News Google’s Earth Engine – tracking global changes using time-lapse

10 July 2017 Kate

The ‘Earth Engine’ is a prime example of how time-lapse is being applied to help us better understand the environmental changes brought to bear on our planet.

A Google project of extreme scale, it provides satellite imagery and other observational data for analysis.

The platform, not to be confused with ‘Google Earth’, is responsible for making this data easily available to researchers, as well as the public.

Earth Engine is a catalogue of satellite images of our planet, dating back to 1984, under the banner of the Landsat programme. Developed by NASA, a series of satellites perpetually orbited Earth tracking how the human species altered the surface of the planet over time.

Tracking change over time

Google has created a global time-lapse image of such changes, allowing users to view landscape changes in any location on Earth using the ‘Engine’ platform.

 

The search, pan, and zoom functions allow thorough exploration of this imagery, combining five million individual satellite images retrieved over the past three decades by five different satellites.

33 cloud-free annual mosaics are made interactive via these zoomable and pannable tools – that’s one for each year from 1984 to 2016. The Timelapse Tour Editor also allows movement from one destination to another.
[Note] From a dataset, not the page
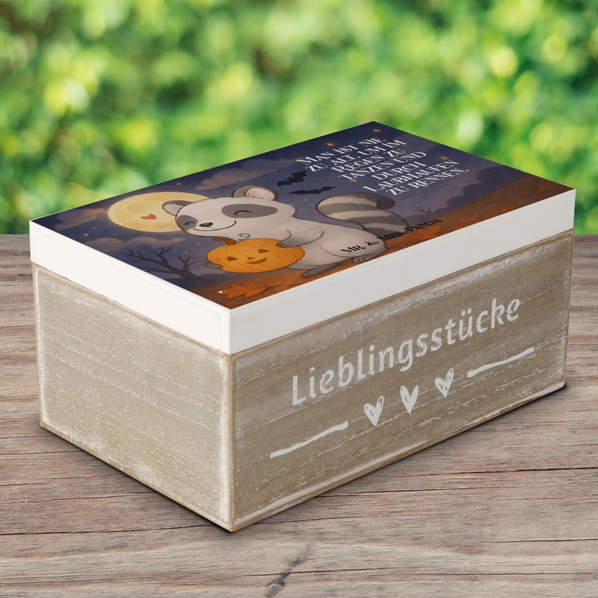 Holzkiste Waschbär Kürbis Design – Mr. & Mrs. Panda

It is this timeframe that makes it different to Google Earth. The two tools do appear to look the same but the ability to view images in articulation with a timeline is what makes this project so significant.

As the above example demonstrates, these mosaics are easy to embed and share on multiple online platforms, making this important data as accessible to everyone as it is pertinent to everyone.

The ‘cloud-computing model’ – enabling on-demand and efficient access to a shared pool of resources – makes it easy for data to be shown and shared in this way.

Incredible detail

You can click and drag to anywhere in the world or use the slider at the bottom of the frame to isolate certain parts of the globe. This ability to view changes in different scales is testament to the incredible detail of these images.

The visual quality of these ‘time-lapse mosaics’ were the product of much labour at post-production.

HD imagery uses 2 million pixels per frame, but in contrast, the Landsat system uses 1.8 trillion pixels per frame, the equivalent of 900,000 HD TVs assembled as one. Despite this insane quality, effort was needed to tidy up these, sometimes rough-looking visual sequences.

Time was spent stitching images together to make the larger mosaics, adding pixels where needed, and scrub away cloud cover to reveal the dynamism of the planet.

Data findings

TIME have provided an incredibly detailed report about these findings, covering aspects such as climate change, uses of extreme resources, urbanisation, and more.

Here, the technique of time-lapse has not only allowed for a “vast sweep of geography and time but also…staggering detail.”

As with time-lapse generally, long-term changes can be presented succinctly in a compact sequence of only a few seconds in length, without compromising on detail.

TIME’s channel of YouTube videos highlights several time-lapse sequences covering significant changes to various parts of the globe, including Australia, Brazil, Nevada, Germany, and Antarctica.

 

In line with their overall approach to news coverage, this method of presentation aids the publication’s influence on shaping our understanding of the world in which we live.

Presented in this way, the results are mapped clearly and are therefore easy to digest regardless of who is viewing them: scientists, researchers, or journalists. The pros to this monitoring technology are numerous and substantial.

But as Jeffrey Kluger notes for TIME: “It’s an undeniable achievement that we can keep such a close, sharp eye on our world. It will be even more to our credit, however, if that ability leads us to care more for the world too.”